▶ [PROBLEM REQUIREMENTS] All that is wanted is the exact text of the lines below from the one with "This image showcases" through the one with "In reviewing previous", inclusive, minus any pictures.

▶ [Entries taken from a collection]
○ ○ ○ ○ ○ ○ ○
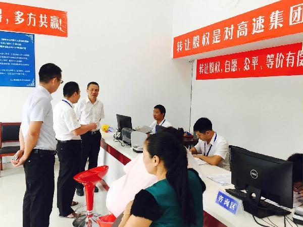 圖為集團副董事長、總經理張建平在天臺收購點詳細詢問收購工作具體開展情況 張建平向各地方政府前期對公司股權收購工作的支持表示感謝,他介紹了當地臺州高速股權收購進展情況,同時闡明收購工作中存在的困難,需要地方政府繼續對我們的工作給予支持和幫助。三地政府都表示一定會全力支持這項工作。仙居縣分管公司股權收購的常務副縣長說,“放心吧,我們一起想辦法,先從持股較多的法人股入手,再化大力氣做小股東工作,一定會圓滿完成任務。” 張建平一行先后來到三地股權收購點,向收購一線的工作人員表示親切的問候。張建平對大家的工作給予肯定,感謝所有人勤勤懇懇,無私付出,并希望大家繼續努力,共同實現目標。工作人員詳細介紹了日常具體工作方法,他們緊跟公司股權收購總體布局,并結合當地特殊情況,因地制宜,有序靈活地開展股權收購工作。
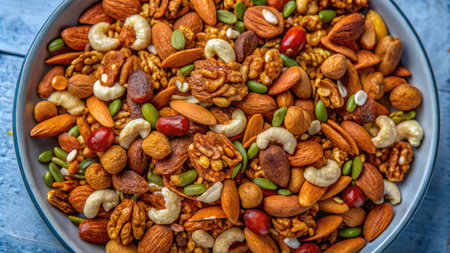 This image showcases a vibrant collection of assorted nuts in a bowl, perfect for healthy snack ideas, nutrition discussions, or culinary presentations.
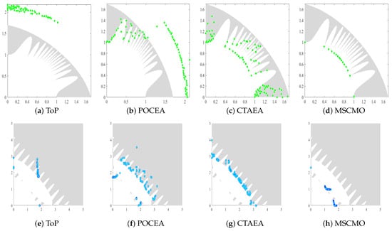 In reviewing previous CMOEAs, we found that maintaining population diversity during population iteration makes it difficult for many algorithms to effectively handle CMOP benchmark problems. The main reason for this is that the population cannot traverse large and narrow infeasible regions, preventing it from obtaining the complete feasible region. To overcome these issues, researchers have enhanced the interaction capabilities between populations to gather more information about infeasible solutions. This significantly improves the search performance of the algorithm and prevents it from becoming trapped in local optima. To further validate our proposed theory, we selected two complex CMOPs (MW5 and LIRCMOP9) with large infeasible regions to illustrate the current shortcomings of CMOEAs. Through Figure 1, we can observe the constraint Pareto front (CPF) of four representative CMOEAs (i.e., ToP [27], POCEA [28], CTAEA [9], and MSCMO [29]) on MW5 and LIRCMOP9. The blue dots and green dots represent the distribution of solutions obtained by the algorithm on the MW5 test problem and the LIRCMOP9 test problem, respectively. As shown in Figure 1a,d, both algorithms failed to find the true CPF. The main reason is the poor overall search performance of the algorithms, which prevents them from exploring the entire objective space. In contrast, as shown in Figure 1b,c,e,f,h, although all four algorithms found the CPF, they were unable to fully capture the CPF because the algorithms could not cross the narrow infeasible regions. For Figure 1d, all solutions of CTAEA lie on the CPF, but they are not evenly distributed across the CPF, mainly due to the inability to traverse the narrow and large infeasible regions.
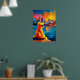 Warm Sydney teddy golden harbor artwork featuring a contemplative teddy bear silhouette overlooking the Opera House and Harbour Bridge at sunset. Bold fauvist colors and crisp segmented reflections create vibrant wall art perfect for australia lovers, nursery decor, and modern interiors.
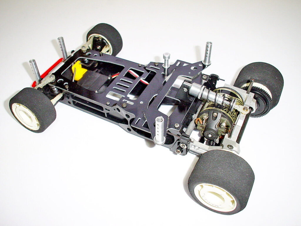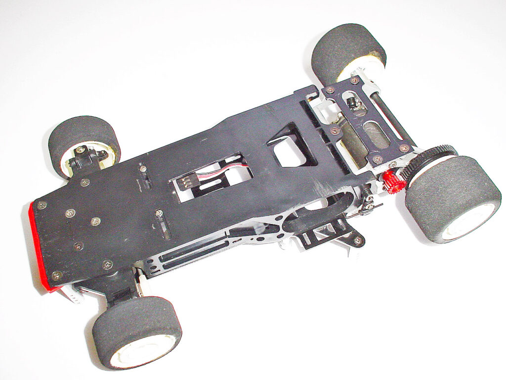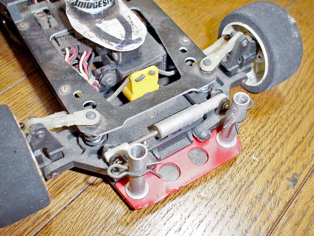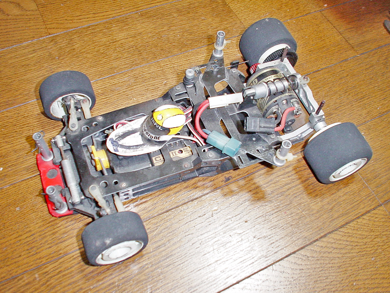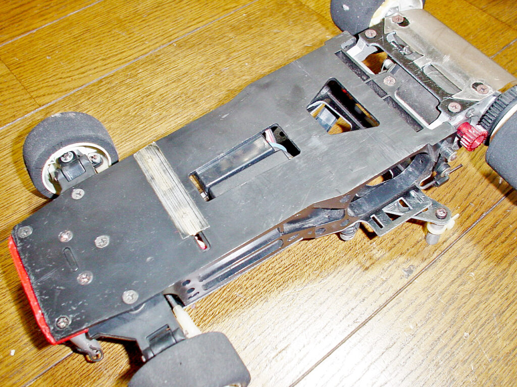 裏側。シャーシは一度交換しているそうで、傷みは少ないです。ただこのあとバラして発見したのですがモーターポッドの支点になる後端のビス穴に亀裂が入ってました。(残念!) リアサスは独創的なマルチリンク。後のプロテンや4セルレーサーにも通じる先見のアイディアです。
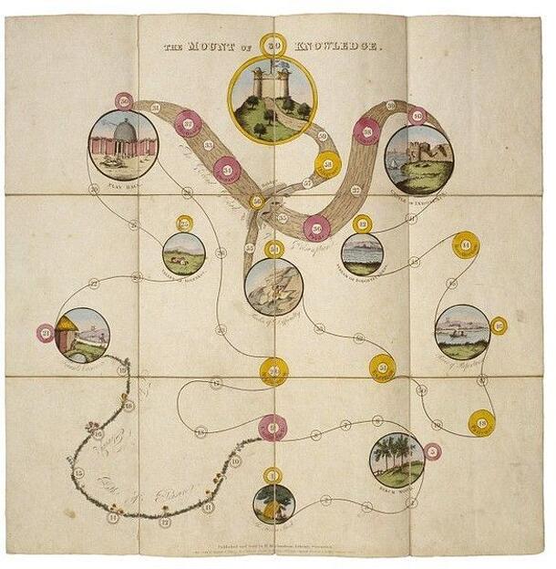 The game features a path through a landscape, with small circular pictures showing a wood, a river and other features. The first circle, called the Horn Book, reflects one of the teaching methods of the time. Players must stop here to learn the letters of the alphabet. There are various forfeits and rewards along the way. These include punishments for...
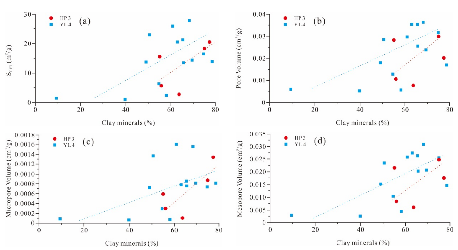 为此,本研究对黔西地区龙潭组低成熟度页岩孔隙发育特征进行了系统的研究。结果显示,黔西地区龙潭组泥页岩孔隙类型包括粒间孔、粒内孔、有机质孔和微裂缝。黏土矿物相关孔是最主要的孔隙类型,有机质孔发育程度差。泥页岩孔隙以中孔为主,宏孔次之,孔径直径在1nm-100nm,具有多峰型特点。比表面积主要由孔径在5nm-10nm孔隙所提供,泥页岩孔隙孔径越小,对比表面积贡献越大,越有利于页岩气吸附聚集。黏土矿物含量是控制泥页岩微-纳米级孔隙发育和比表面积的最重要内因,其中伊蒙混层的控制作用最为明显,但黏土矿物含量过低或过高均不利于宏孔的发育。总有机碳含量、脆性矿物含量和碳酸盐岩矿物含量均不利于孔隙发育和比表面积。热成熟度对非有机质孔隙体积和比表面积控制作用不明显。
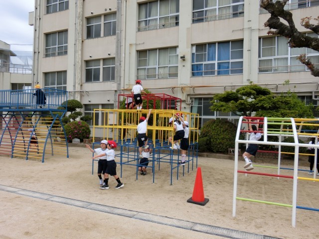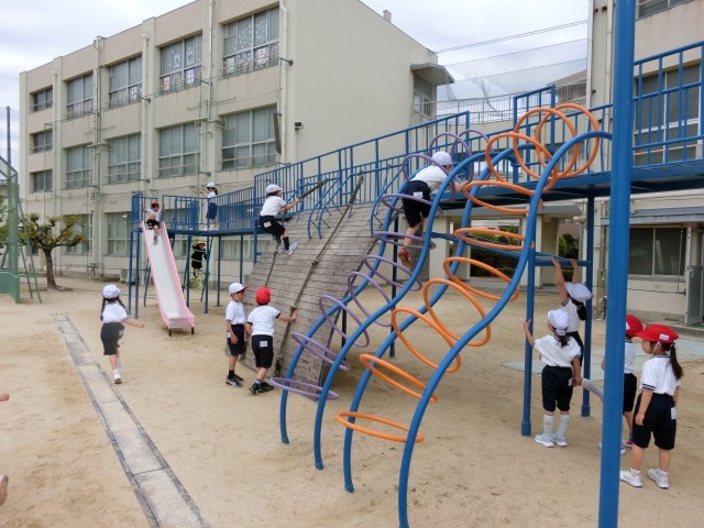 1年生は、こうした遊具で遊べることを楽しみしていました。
○ ○ ○ ○ ○ ○ ○
▶ [OUTPUT]
 This image showcases a vibrant collection of assorted nuts in a bowl, perfect for healthy snack ideas, nutrition discussions, or culinary presentations.
 In reviewing previous CMOEAs, we found that maintaining population diversity during population iteration makes it difficult for many algorithms to effectively handle CMOP benchmark problems. The main reason for this is that the population cannot traverse large and narrow infeasible regions, preventing it from obtaining the complete feasible region. To overcome these issues, researchers have enhanced the interaction capabilities between populations to gather more information about infeasible solutions. This significantly improves the search performance of the algorithm and prevents it from becoming trapped in local optima. To further validate our proposed theory, we selected two complex CMOPs (MW5 and LIRCMOP9) with large infeasible regions to illustrate the current shortcomings of CMOEAs. Through Figure 1, we can observe the constraint Pareto front (CPF) of four representative CMOEAs (i.e., ToP [27], POCEA [28], CTAEA [9], and MSCMO [29]) on MW5 and LIRCMOP9. The blue dots and green dots represent the distribution of solutions obtained by the algorithm on the MW5 test problem and the LIRCMOP9 test problem, respectively. As shown in Figure 1a,d, both algorithms failed to find the true CPF. The main reason is the poor overall search performance of the algorithms, which prevents them from exploring the entire objective space. In contrast, as shown in Figure 1b,c,e,f,h, although all four algorithms found the CPF, they were unable to fully capture the CPF because the algorithms could not cross the narrow infeasible regions. For Figure 1d, all solutions of CTAEA lie on the CPF, but they are not evenly distributed across the CPF, mainly due to the inability to traverse the narrow and large infeasible regions.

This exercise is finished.